On Windows OS given the program below
package main
import "fmt"
var (
version string
date string
)
func main() {
fmt.Printf("version=%s, date=%s", version, date)
}
You can build using
go build -ldflags "-X main.version=0.0.1 -X main.date=%date:~10,4%-%date:~4,2%-%date:~7,2%T%time:~0,2%:%time:~3,2%:%time:~6,2%"

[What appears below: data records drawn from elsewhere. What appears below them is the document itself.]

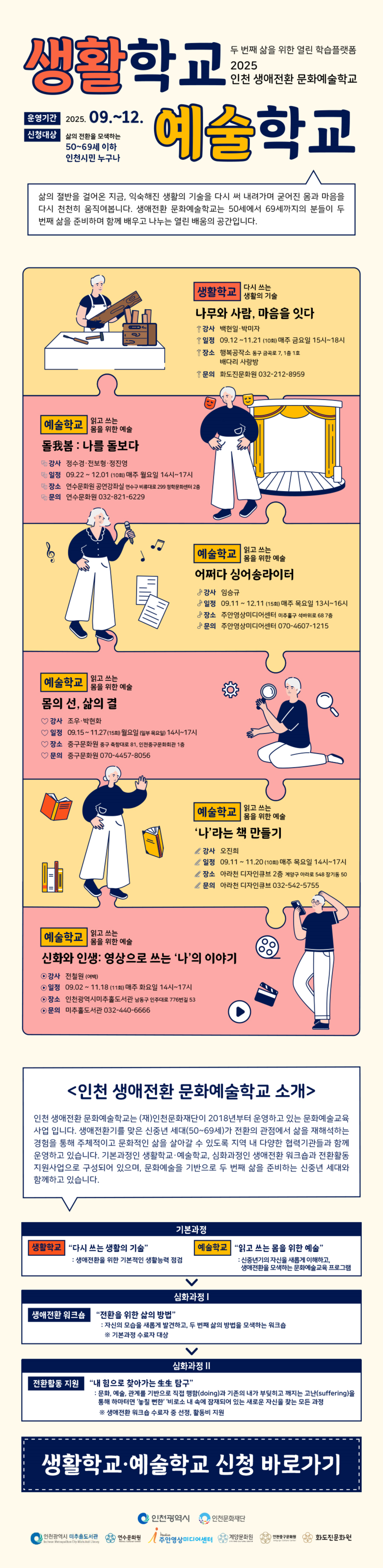 ‘2025 인천 생애전환 문화예술학교-생활학교·예술학교’는 생애전환기를 맞은 신중년이 자신의 삶을 재해석하고 주체적·문화적인 삶을 살아갈 수 있도록 지원하는 열린 학습 플랫폼이다. ‘다시 쓰는 생활의 기술, 읽고 쓰는 몸을 위한 예술’을 주제로 생활학교(목공) 1개 과정과 예술학교(연극, 음악, 미술, 문학, 영상) 5개 과정이 인천광역시미추홀도서관, 연수문화원, 인천중구문화원, 계양문화원, 화도진문화원, 주안영상미디어센터와 협력으로 진행되며, 만 50세~69세 인천시민 누구나 신청할 수 있다.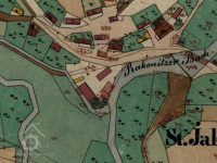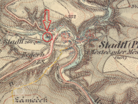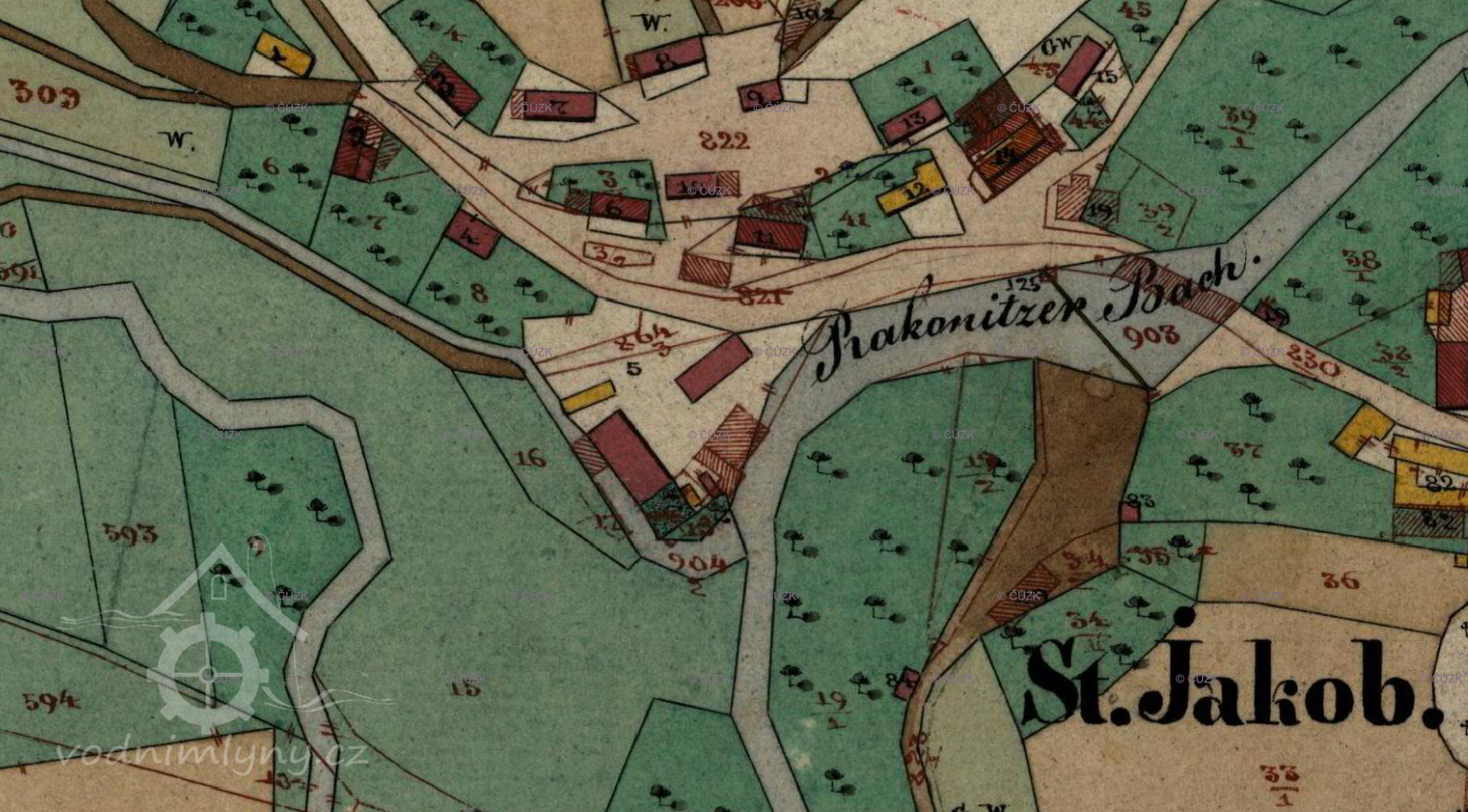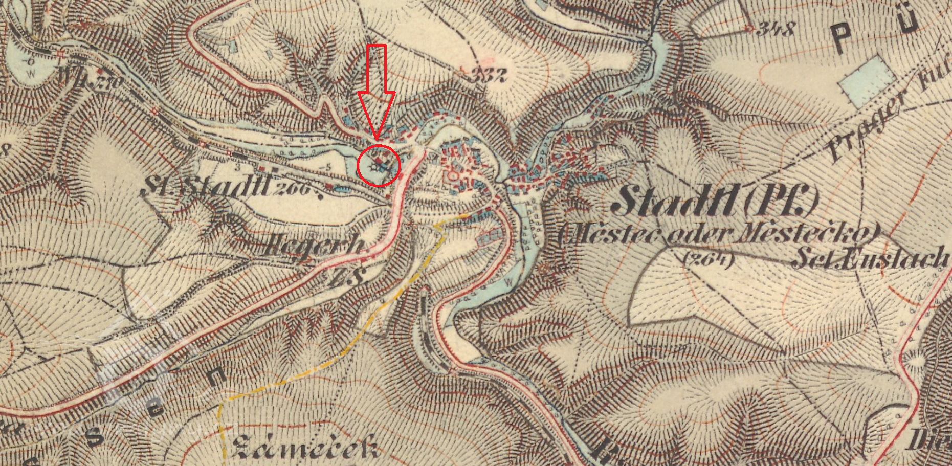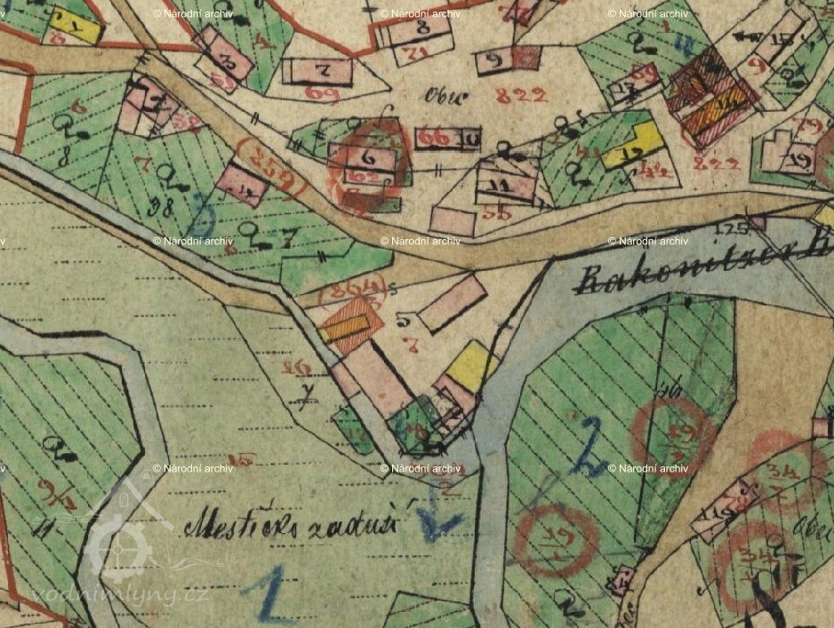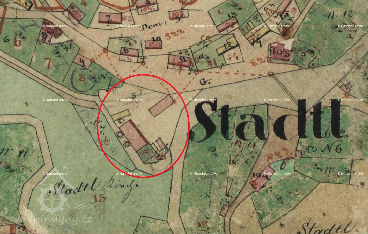 1706 selský mlýn s jedním složením, při něm pila, platí se z něho důchodu obilného žita 12 strychů, protože se mu toliko jedna vesnice, totiž Městečko, ve kterém 2 potažití a 17 chalupníků jest, s melivem zanechává. Peněžitého úroku z něho jest 1 zl. 51 kr. ročně. Item z téhož mlýna díl do důchodu, díl k záduší a ostatek sirotkům po 6 zl. ročně gruntovních peněz skládati se musí. Kontribucí, mimo kamerální, podle proporcí jinších sousedů měsíčně odváděti musí po 33, 45, 48 gr. též po 1 zl. i více. K tomu koná po příkladu jiných poddaných robotu potažitou, totiž každý týden 3 dny. Mlýn nemá svých dědičných orných polí, jen 1 a 1/2 věrtele, zarostlých žádných, luk též podobně. Polí zadušních užívá pod 14 strychů a luk pod 1 vůz sena a platí z nich k záduší, ať osíval či ne, každoročně 5 zl.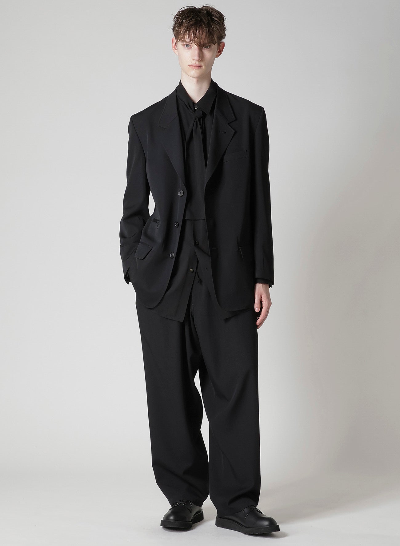 - Uses Yohji Yamamoto's signature wool gabardine with a natural texture.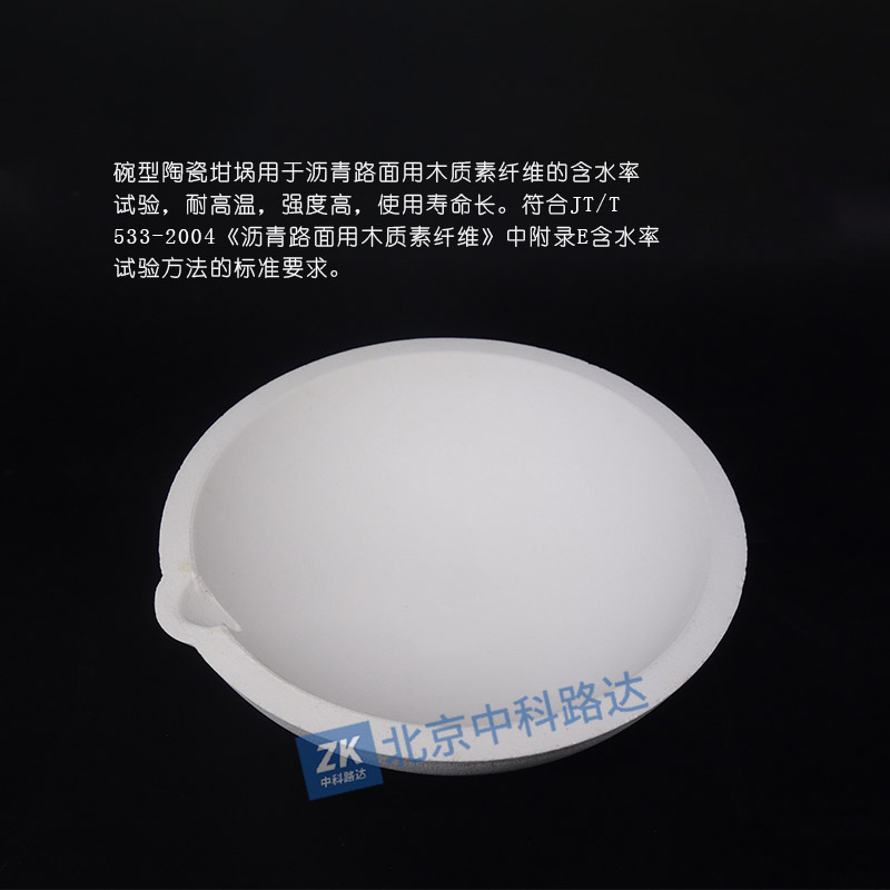 碗型陶瓷坩堝用于瀝青路面用木質(zhì)素纖維的含水率試驗(yàn),耐高溫,強(qiáng)度高,使用壽命長(zhǎng)。符合JT/T 533-2004《瀝青路面用木質(zhì)素纖維》中附錄E含水率試驗(yàn)方法的標(biāo)準(zhǔn)要求。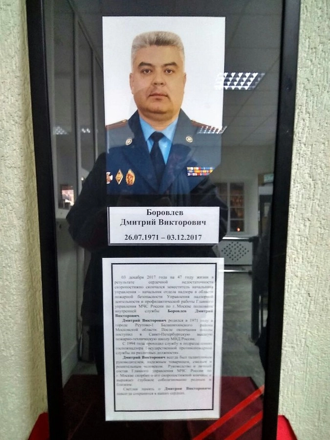 «03 декабря 2017 года, находясь дома, на 47 году жизни в результате сердечной недостаточности скоропостижно скончался заместитель начальника управления — начальник отдела надзора в области пожарной безопасности Управления надзорной деятельности и профилактической работы Главного управления МЧС России по г. Москве полковник внутренней службы Боровлев Дмитрий Викторович. С 1994 года проходил службу в подразделениях Государственной противопожарной службы на различных должностях. Руководство и личный состав Главного управления МЧС России по г. Москве скорбит о его скоропостижной кончине и выражает глубокое соболезнование родным и близким», — говорится в сообщении ГУ МЧС по Москве.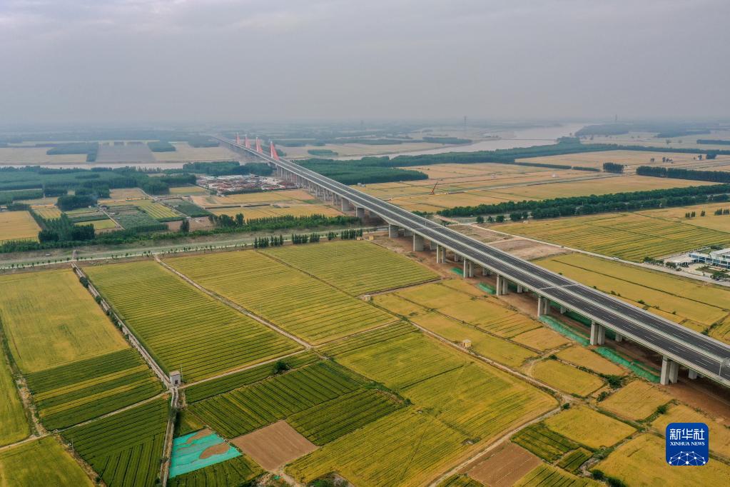 山東濟南:黃河灘區遷建復墾土地小麥收獲在望

Date format assumes your environment echo %date% is Fri 07/22/2016 and echo %time% is 16:21:52.88
Then the output will be: version=0.0.1, date=2016-07-22T16:21:52
to use multi -ldflags:
$ go build -ldflags "-X name1=value1 -X name2=value2" -o path/to/output
Building on the other answers, with recent go versions it's also possible to write a buildid to an ELF section - though that's not so easily readable from within the program.
I write the same value to both, using something like the following:
BuildInfo:= "BUILD #x, branch # rev built yymmdd hh:mm:ss"
// note the nested quotes "''" required to get a string with
// spaces passed correctly to the underlying tool
ldFl := fmt.Sprintf("-X 'main.buildId=%s' -s -w '-buildid=%s'", BuildInfo, BuildInfo)
args := []string{
"build",
"-ldflags", ldFl,
"-trimpath",
"-gcflags", "-dwarf=false",
}
buildpath:="path/to/my/cmd"
args=append(args,buildpath)
buildCmd:=exec.Command("go", args...)
I use this with mage, a build tool written in go. You don't need the extra flags above, but I chose those to strip as much information as possible from release binaries.
(off topic: Mage requires a bit more upfront work than something like Make, but is much easier to extend/maintain than a make-based build system - plus you don't have to switch mental gears between go and some other syntax.)